About 90 percent of people worldwide drink or consume caffeine, according to the U.S. Food and Drug Administration. It is found in coffee, tea, soda, chocolate, energy drinks and various other foods. Caffeine consumption affects the central nervous system, including the spinal cord, nerves and the brain. It does offer some health benefits when consumed in moderation but can be harmful in excess. Talk to your doctor about how much caffeine is right for you.
Sleep
When you are sleeping, a chemical in the brain called adenosine is inhibited from being released by brain receptors. When you're awake, however, this is the chemical that is active in your brain. Adenosine is part of group of chemicals called xanthine, according to the University of Minnesota Psychology Dept., which is the same chemical group of caffeine. Caffeine can interrupt the natural process that adenosine goes through on a daily basis, which can affect your sleep patterns.
Brain Function
Consuming caffeine can help to increase alertness, energy level and concentration. These are the primary benefits of caffeine when consumed responsibly. According to the FDA, caffeine typically begins affecting brain function very quickly and reaches peak level in the bloodstream within about an hour. It can stay in your system for up to six hours. Consuming a caffeinated beverage may be beneficial for healthy people who need a boost of energy for a workout or for those finding it hard to concentrate during a test or at work.
Moderation
Not surprisingly, moderation is the key to benefiting for caffeine. According to the FDA, most doctors suggest adults consume between 100 mg and 200 mg of caffeine per day.
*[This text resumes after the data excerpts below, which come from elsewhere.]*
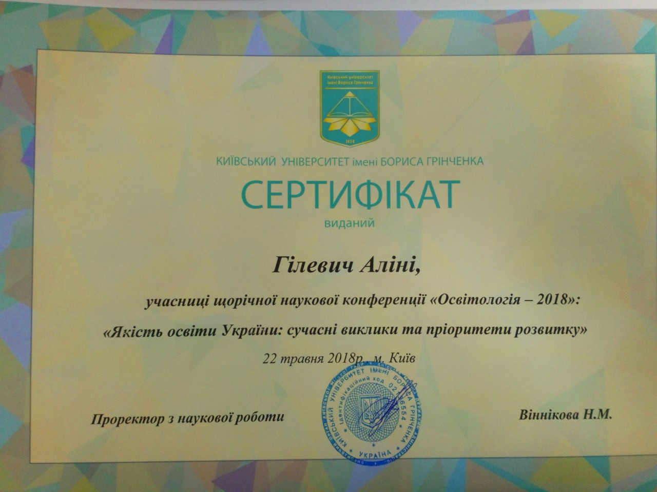 | ID | Назва | Тема доповіді | Місце проведення | Документ, що засвідчує | Дата проведення |
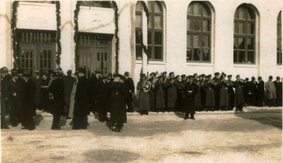 На освещаването цялата палата е украсена със зеленина и трикольори. На фасадата е опъната голяма лента с надпис: ”Собствени пощи имат само национално независимите народи”.
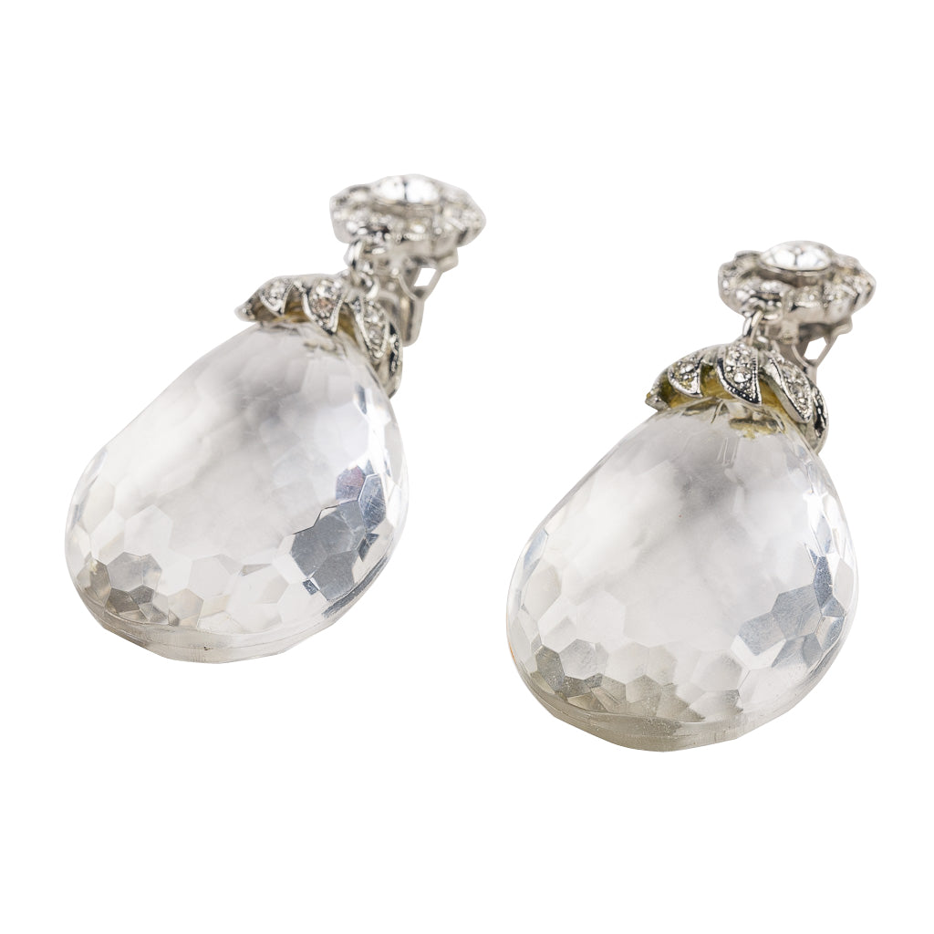 Kenneth Jay Lane Jewelry Silver Clip Earring With Rhinestone Center | Silver & Crystal & Clear
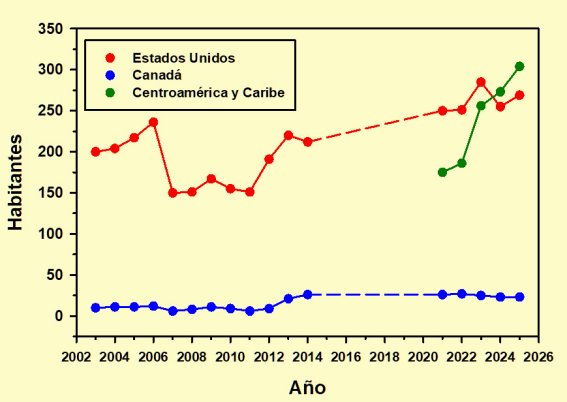 En lo que respecta a los Otros países de Centroamérica y el Caribe lo único que podemos comprobar es que en este último quinquenio han alcanzado en conjunto unos valores demográficos similares al estadounidense, siendo de lamentar que no se puedan detallar.
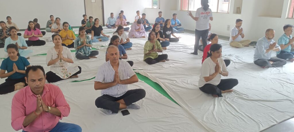 योग प्रशिक्षिका पूनम बाजपेई ने सभी को अनेक प्रकार के जटिल रोगों से बचाव हेतु अपनी नित्य जीवन शैली में योग को शामिल करने की सलाह दी प्रमुख योगासनों में वज्रासन, , शवासन, भ्रामरी और सूर्य नमस्कार इत्यादि आसनों एवं प्राणायामों का अभ्यास भी करवाया।
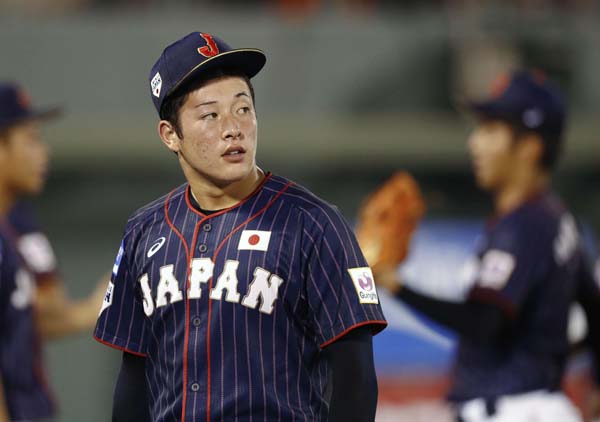 台湾戦の4回、2点を失いベンチに戻る吉田(C)共同通信社
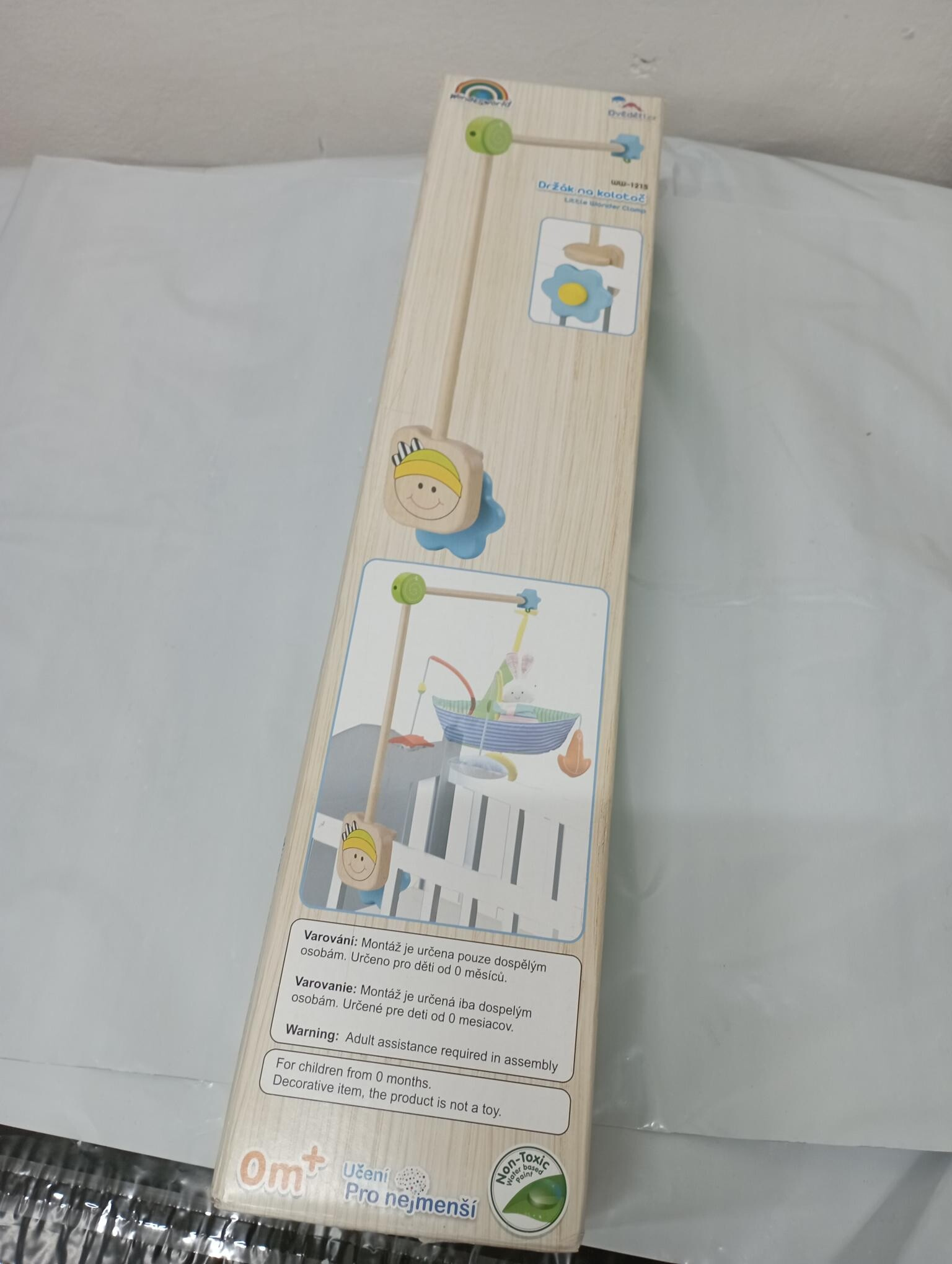 Dekorovaný drevený vešiak pre detský kolotoč je vyrobený z masívneho dreva a je ľahko zostaviteľný, opatrený robustnými závitmi. K zábradliu postieľky sa upína veľkým praktickým kolieskom s motívom kvietka, vďaka ktorému ho možno pripojiť pevne a v prípade potreby aj ľahko odňať. Na svojom konci je opatrený pútkom na zavesenie kolotoča. Hlavné vlastnosti:ľahko zostaviteľnýrozsah upínania 3–5 cmvytříbená farebnosť a zdobeniemasívne drevené prevedenie.

This is equivalent to one or two cups of coffee. Consuming caffeine late in the day can adversely affect the adenosine cycle as you try to sleep. While you may fall asleep, you may not reach a level of deep sleep. This can lead to headaches, mood swings and drowsiness the following day. It's an unhealthy cycle to fall into, because it can wreak havoc on your brain's natural functions. The solution is to not consume any caffeine within six hours of bedtime.
Brain Chemicals
Aside from resembling and manipulating the adenosine cycle, caffeine also affects other chemicals in the brain. According to the University of Minnesota, caffeine can cause the pituitary gland to release an increased amount of adrenaline, which explains the boost of energy associated with consuming caffeine. It can also increase dopamine levels in the brain, which produces a euphoric effect. This can be dangerous because it has additive properties similar to amphetamines. Monitor your intake of caffeine to be sure you're not gradually increasing your intake, as this may be a sign your tolerance for the stimulant is increasing. This may cause you to consume more caffeine each day, which can then lead to heart problems, headaches, anxiety, dehydration and lack of sleep.